YOUR TASK
Check each line of the entries below for the string "style"; copy every line where it appears.

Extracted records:

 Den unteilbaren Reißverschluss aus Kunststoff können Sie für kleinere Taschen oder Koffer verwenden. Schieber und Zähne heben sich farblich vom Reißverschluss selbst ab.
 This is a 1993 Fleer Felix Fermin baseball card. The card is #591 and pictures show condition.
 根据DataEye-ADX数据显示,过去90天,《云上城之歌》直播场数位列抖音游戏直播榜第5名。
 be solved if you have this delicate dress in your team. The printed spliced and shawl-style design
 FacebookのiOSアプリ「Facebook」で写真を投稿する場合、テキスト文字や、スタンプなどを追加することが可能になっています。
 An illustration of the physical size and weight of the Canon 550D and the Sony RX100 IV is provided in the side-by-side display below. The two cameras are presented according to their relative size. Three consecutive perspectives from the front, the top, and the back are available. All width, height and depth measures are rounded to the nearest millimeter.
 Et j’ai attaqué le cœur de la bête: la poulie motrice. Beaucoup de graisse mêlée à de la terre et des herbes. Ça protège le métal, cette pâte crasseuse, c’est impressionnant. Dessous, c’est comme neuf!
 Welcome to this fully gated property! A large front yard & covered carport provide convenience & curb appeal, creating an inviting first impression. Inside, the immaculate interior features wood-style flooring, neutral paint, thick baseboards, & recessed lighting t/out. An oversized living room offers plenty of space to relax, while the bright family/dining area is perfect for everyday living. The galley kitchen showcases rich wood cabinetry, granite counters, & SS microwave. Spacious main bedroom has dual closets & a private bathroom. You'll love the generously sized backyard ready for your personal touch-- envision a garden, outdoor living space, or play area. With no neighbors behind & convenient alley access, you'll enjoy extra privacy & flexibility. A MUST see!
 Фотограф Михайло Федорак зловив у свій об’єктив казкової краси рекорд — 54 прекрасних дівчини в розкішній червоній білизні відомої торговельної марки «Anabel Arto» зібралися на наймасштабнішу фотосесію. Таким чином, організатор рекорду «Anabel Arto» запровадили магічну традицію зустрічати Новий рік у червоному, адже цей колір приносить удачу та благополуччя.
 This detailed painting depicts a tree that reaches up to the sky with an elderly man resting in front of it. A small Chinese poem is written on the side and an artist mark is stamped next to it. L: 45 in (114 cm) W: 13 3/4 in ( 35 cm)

TASK OUTPUT
 be solved if you have this delicate dress in your team. The printed spliced and shawl-style design
 Welcome to this fully gated property! A large front yard & covered carport provide convenience & curb appeal, creating an inviting first impression. Inside, the immaculate interior features wood-style flooring, neutral paint, thick baseboards, & recessed lighting t/out. An oversized living room offers plenty of space to relax, while the bright family/dining area is perfect for everyday living. The galley kitchen showcases rich wood cabinetry, granite counters, & SS microwave. Spacious main bedroom has dual closets & a private bathroom. You'll love the generously sized backyard ready for your personal touch-- envision a garden, outdoor living space, or play area. With no neighbors behind & convenient alley access, you'll enjoy extra privacy & flexibility. A MUST see!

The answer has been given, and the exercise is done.